But now, present day, processors and compilers are much more sophisticated and these rules don't apply so easily. It is also harder to predict what the performance impact of your choice will be on some unknown future platform or compiler ... How do we really know that uint64_t for example will perform better or worse than uint32_t on any particular future target? Unless you're a processor/compiler guru, you don't...

So... maybe it's old fashioned, but unless I am writing code for a constrained environment like Arduino, etc. I still use int for general purpose values that I know will be within int size on all reasonable targets for the application I am writing. And the compiler takes it from there... These days that generally means 32 bits signed. Even if one assumes that 16 bits is the minimum integer size, it covers most use cases.. and the use cases for numbers larger than that are easily identified and handled with appropriate types.

Solution 3 - C++

Most programs do not live and die on the edge of a few CPU cycles, and int is very easy to write. However, if you are performance-sensitive, I suggest using the fixed-width integer types defined in <cstdint>, such as int32_t or uint64_t. These have the benefit of being very clear in their intended behavior in regards to being signed or unsigned, as well as their size in memory. This header also includes the fast variants such as int_fast32_t, which are at least the stated size, but might be more, if it helps performance.

Solution 4 - C++

No formal reason to use int. It doesn't correspond to anything sane as per standard. For indices you almost always want signed pointer-sized integer.

That said, typing int feels like you just said hey to Ritchie and typing std::ptrdiff_t feels like Stroustrup just kicked you in the butt. Coders are people too, don't bring too much ugliness into their life. I would prefer to use long or some easily typed typedef like index instead of std::ptrdiff_t.

Solution 5 - C++

This is somewhat opinion-based, but alas, the question somewhat begs for it, too.

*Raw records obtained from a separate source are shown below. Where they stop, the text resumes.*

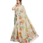 Women’s Chanderi Floral Digital Print Chandheri Saree with Unstitched Blouse Material
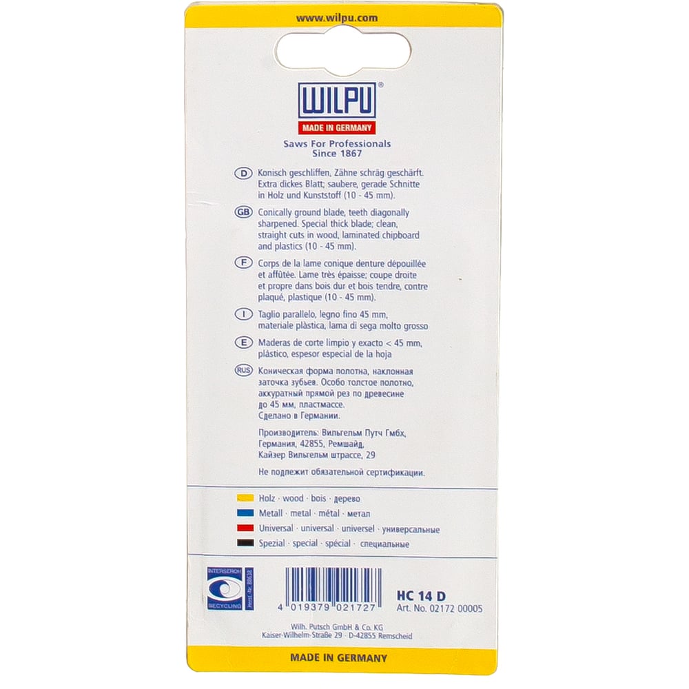 Wilpu пилка hc 14 d х5шт/уп для дерева до 45мм и пластмассы прямой, чистый рез 217200005
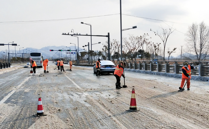 裕升、裕欣、裕祥三家養護公司組織綠化、保潔人員配合除雪車(chē)、裝載機等機械設備對花果山大道、黃海大道、東方大道、242省道、新光路及大浦路等主干道進(jìn)行清雪作業(yè);對程圩橋、先鋒大橋等橋面易積雪路段以及馬山路立交、新光路涵洞等“上跨下穿”路段采用撒氯化鈣的方式,加速積雪融化,并安排人員及時(shí)掃除積雪,防止路面因低溫降雪產(chǎn)生冰凍,對交通安全造成影響;對創(chuàng )智綠園廣場(chǎng)、火車(chē)站廣場(chǎng)及匝道等窗口地段采用人機結合的形式清掃積雪。盛達市政公司、瑞泰服務(wù)公司及益豐園林公司在提供鏟車(chē)、平板車(chē)、裝載機等機械車(chē)輛配合掃雪的同時(shí),積極做好后勤服務(wù),為清雪工作有序開(kāi)展提供保障。截至到中午,各條主干道積雪已基本清理完畢,道路恢復暢通,保障居民出行和交通安全。
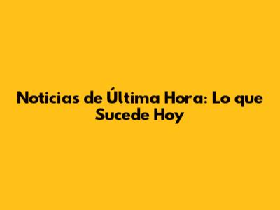 Noticias De Última Hora: Lo Que Sucede Hoy

First of all, you talk about integers and indices as if they were the same thing, which is not the case. For any such thing as "integer of sorts, not sure what size", simply using int is of course, most of the time, still appropriate. This works fine most of the time, for most applications, and the compiler is comfortable with it. As a default, that's fine.

For array indices, it's a different story.

There is to date one single formally correct thing, and that's std::size_t. In the future, there may be a std::index_t which makes the intent clearer on the source level, but so far there is not.
std::ptrdiff_t as an index "works" but is just as incorrect as int since it allows for negative indices.
Yes, this happens what Mr. Sutter deems correct, but I beg to differ. Yes, on an assembly language instruction level, this is supported just fine, but I still object. The standard says:

>8.3.4/6: E1[E2] is identical to *((E1)+(E2)) [...] Because of the conversion rules that apply to +, if E1 is an array and E2 an integer, then E1[E2] refers to the E2-th member of E1.
>5.7/5: [...] If both the pointer operand and the result point to elements of the same array object, or one past the last element of the array object [...] otherwise, the behavior is undefined.

An array subscription refers to the E2-th member of E1. There is no such thing as a negative-th element of an array. But more importantly, the pointer arithmetic with a negative additive expression invokes undefined behavior.

In other words: signed indices of whatever size are a wrong choice. Indices are unsigned. Yes, signed indices work, but they're still wrong.

Now, although size_t is by definition the correct choice (an unsigned integer type that is large enough to contain the size of any object), it may be debatable whether it is truly good choice for the average case, or as a default.

Be honest, when was the last time you created an array with 1019 elements?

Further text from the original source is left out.